To the best of our knowledge, this is the first cohort study objectively assessing PA and sedentary time in post-hospitalised patients with COVID-19. Levels of sedentary time were remarkably lower (i.e., ±9 h/day) in a previous study among healthy controls of similar age, but with a higher prevalence of males (78% versus 62%) [21]. Nevertheless, it is unlikely that differences in sedentary behaviour between both cohorts were due to sex differences, as there is no evidence of sex-interaction effects in objectively measured total sedentary time in adults [22]. Therefore, post-hospitalised patients with COVID-19 seem to be more sedentary compared to healthy controls, but longitudinal cohort studies are warranted to confirm these cross-sectional observations.

It is known that COVID-19 lockdown restrictions limit engagement in PA [23,24,25]. However, in the Netherlands, most lockdown measures were lifted at the time of data collection, which attenuates the likelihood that lockdown restrictions induced the high levels of sedentary time in post-hospitalised patients with COVID-19.

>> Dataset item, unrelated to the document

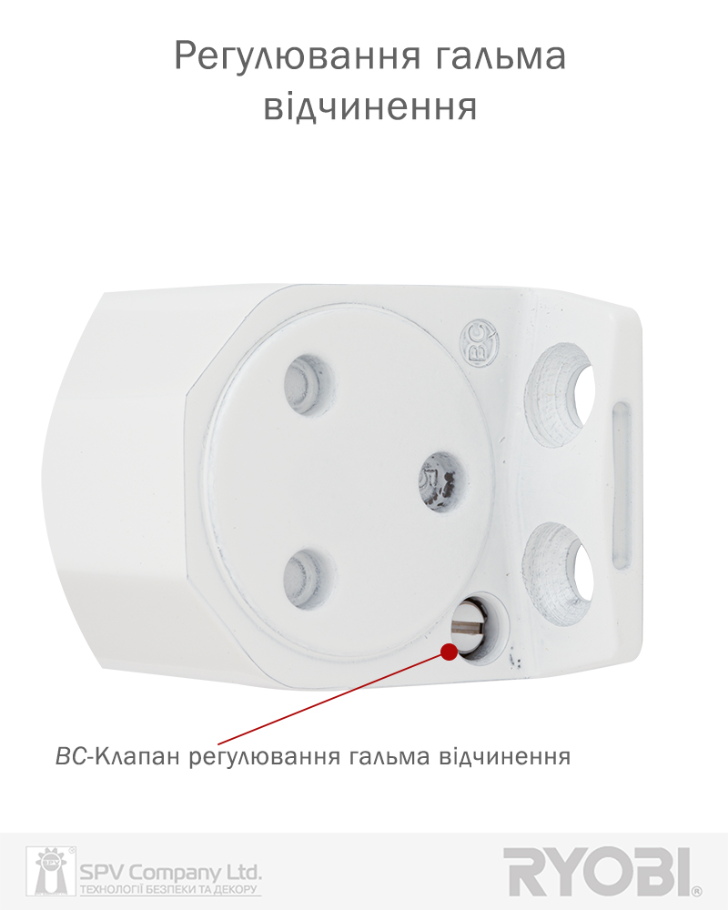 Дотягувач дверей RYOBI® серії 2000 модель D-2055 STD (Японія) накладного типу – призначений для керування зовнішніми та внутрішніми дверима.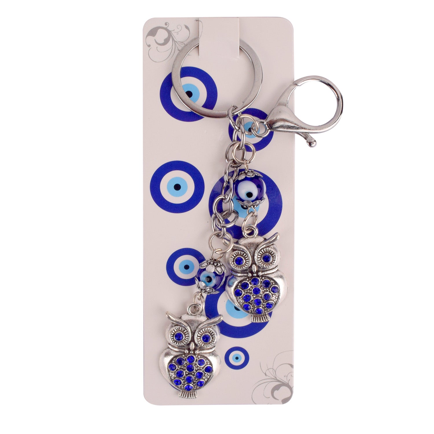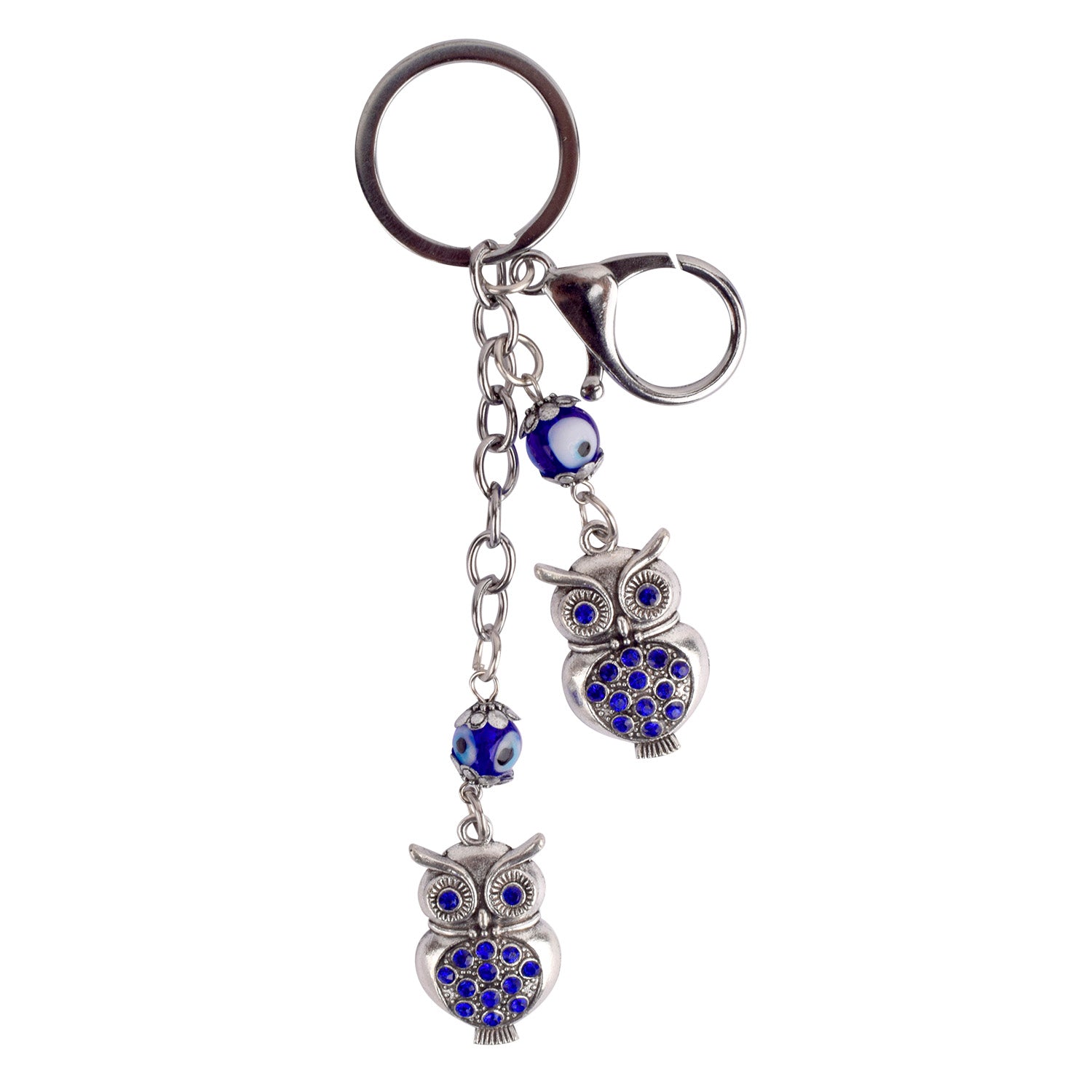 Silver Double Owl Keychain with Evil Eye – Satvikworld.com

Current evidence suggests that long-term effects on habitual physical activity levels post-COVID-19 infection is of multifactorial nature and contributing factors are likely to vary across patients with COVID-19 [26]. These factors could include pathophysiological aspects such as systemic inflammation and (forced) physical inactivity due to decreased neural activation, fibre atrophy, muscle tissue necrosis and fibrosis, pulmonary fibrosis and alterations in blood flow and metabolic function [16]. Most likely, psychological factors also contribute to the high levels of sedentary time post-COVID-19 since many patients experience anxiety, depression and sleep difficulties persisting or presenting months after the initial infection [27]. Current evidence highlighted that these mental health outcomes are most prevalent among those patients that experience physical symptoms [28]. Taken together, time spent sedentary is high in post-hospitalised patients with COVID-19.

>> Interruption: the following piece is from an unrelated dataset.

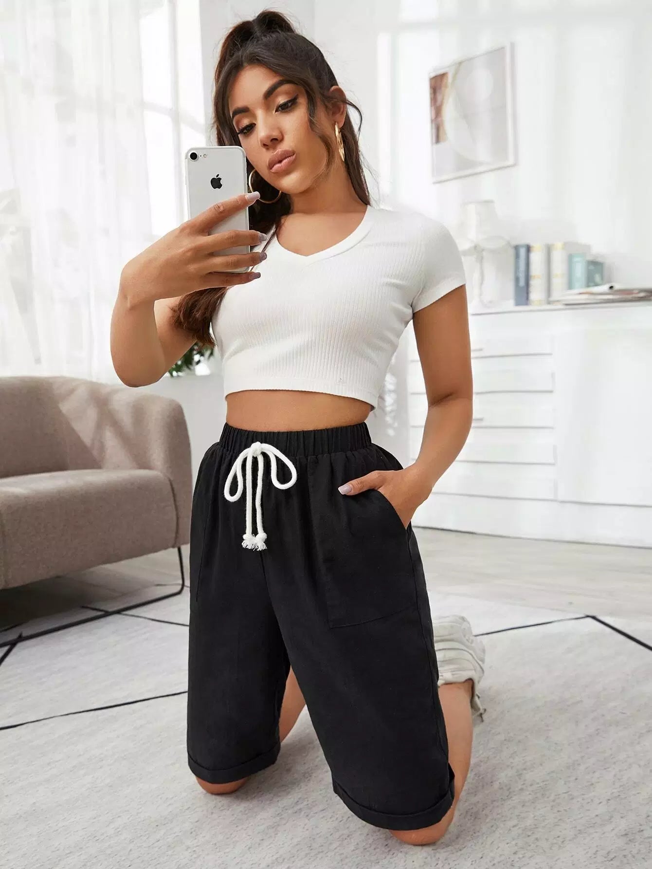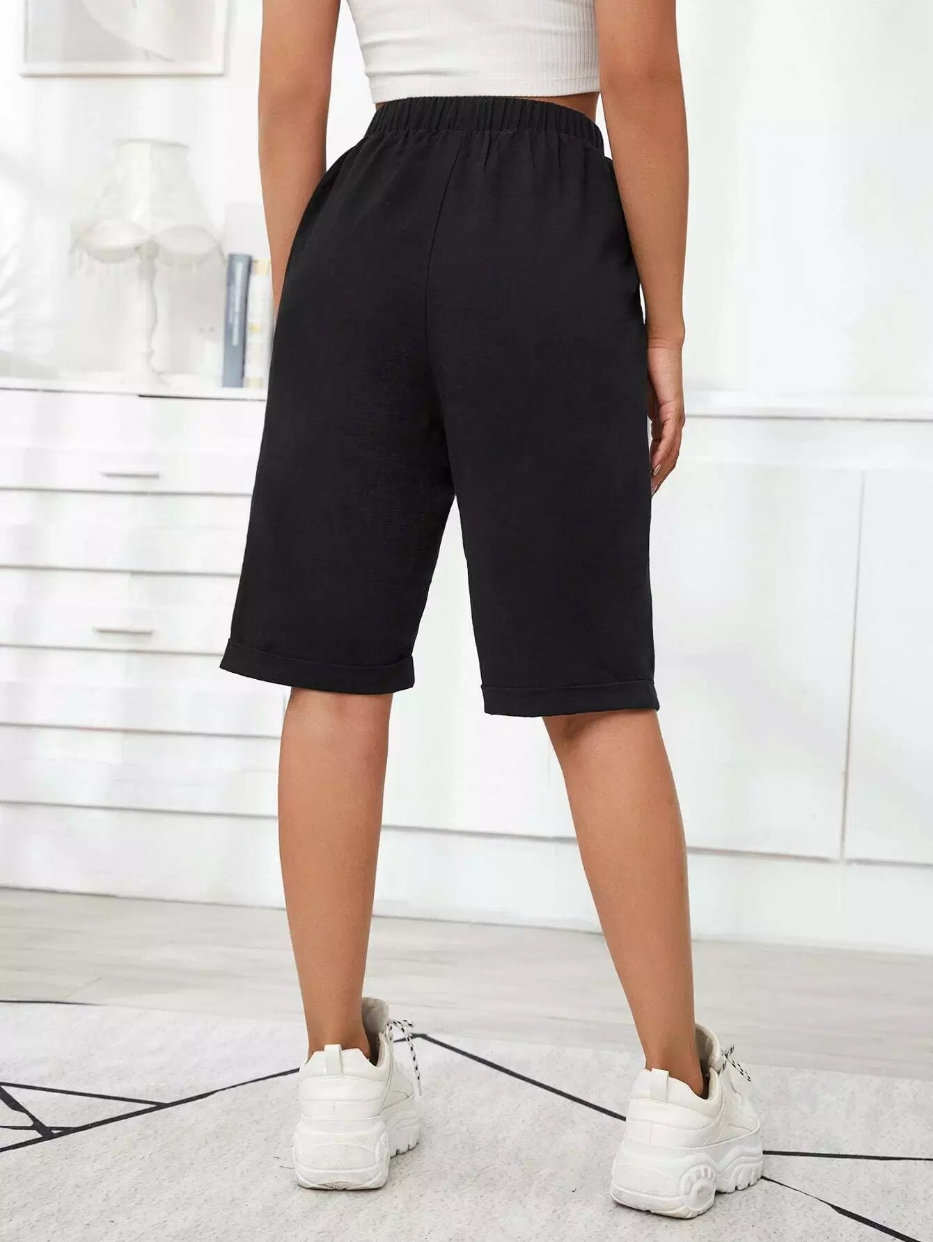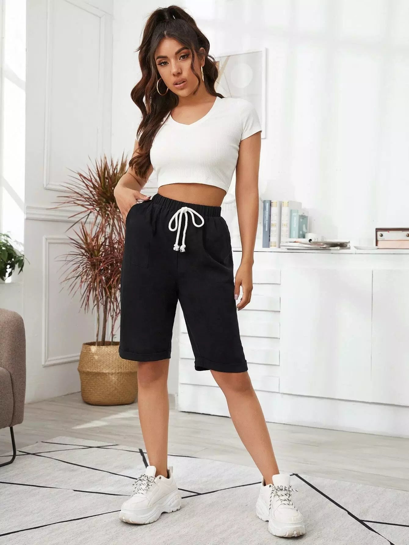Tie Front Slant Pocket Cuffed Bermuda Shorts

This observation is worrisome since it is associated with an attenuated immune system, loss of skeletal muscle mass, increased risk of incident cardiovascular and metabolic disorders and a lower quality of life [9]. Furthermore, the 1-year burden of cardiovascular disease incidence is substantially increased in patients that survived acute COVID-19 compared to non-COVID-19 controls [29]. Additionally, almost half of the post-hospitalised patients with COVID-19 in our cohort reported persistent symptoms post-discharge, especially due to dyspnoea, and 16% remained fatigued, which is in line with the literature [4]. These long-term health consequences require attention from health care professionals to continue physical reconditioning, also directly after hospital discharge.

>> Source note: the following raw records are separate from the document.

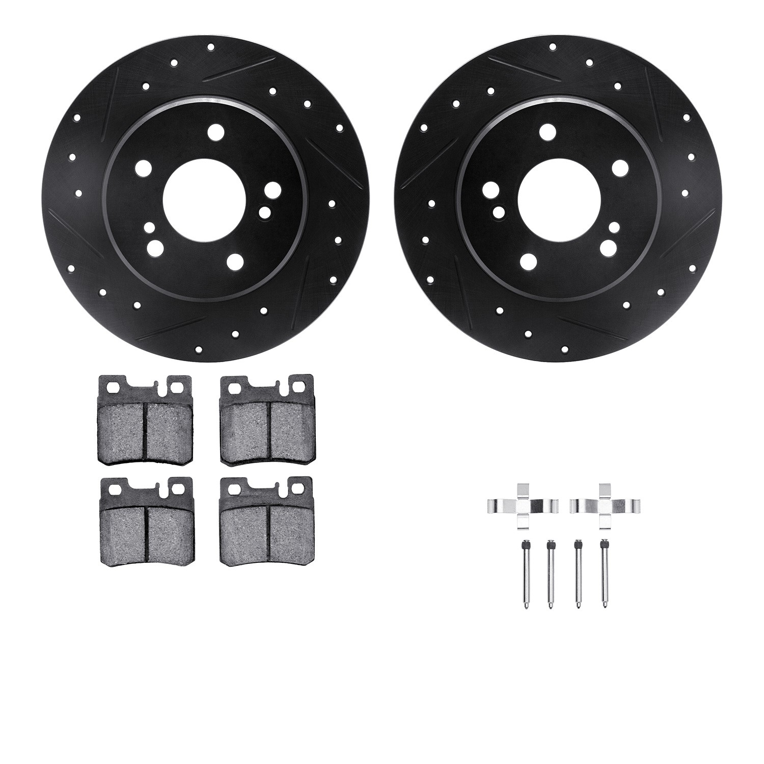 - DFC Rotors-Drilled & Slotted-Black w/ EURO 5000 Ceramic Brake Pads Incl Hdw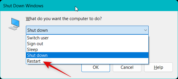 - Press Alt+F until all open apps are closed, then press it again, and use the arrow key to scroll to ‘Restart’ and hit Enter.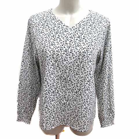 【中古】ユナイテッドアローズ UNITED ARROWS closet story ブラウス シャツ Vネック 花柄 長袖 白 黒 /YK レディース

An important strength of this study is the objective measurements of PA and sedentary behaviour. It contributes to knowledge regarding the largely uncertain long-term effects of COVID-19 hospitalisation and provides targets for future programs to (re-)activate these patients. The limitations of our study include the single-centre design and low sample size. Inherent in investigating consequences of the acute COVID-19 outbreak, assessments of PA patterns in the pre-COVID era, as well as longer term follow-up measurements, are lacking. Therefore, larger cohort studies with longitudinal follow-up using objective assessments of PA and sedentary behaviour are warranted to better understand the full spectrum and timeline of long-term consequences of COVID-19 hospitalisation on PA and sedentary behaviour levels.

In conclusion, post-hospitalised patients with COVID-19 are sedentary for most of their time awake at 3–6 months post-hospitalisation. Looking at our results, promoting PA in post-hospitalised patients with COVID-19 warrants a stepwise approach, starting with reducing sedentary behaviour, followed by increasing LIPA and, thereafter, stimulating MVPA [30]. It was during the COVID-19 pandemic that many e-health solutions arose, and these initiatives appeared to be successful tools to promote PA [31]. Moreover, online- and home-based PA counselling seems feasible and scalable using e-health services. Since high levels of sedentary time in post-hospitalised patients with COVID-19 are not impacted by patient nor disease characteristics, a uniform approach for the (re-)activation of these patients seems indicated.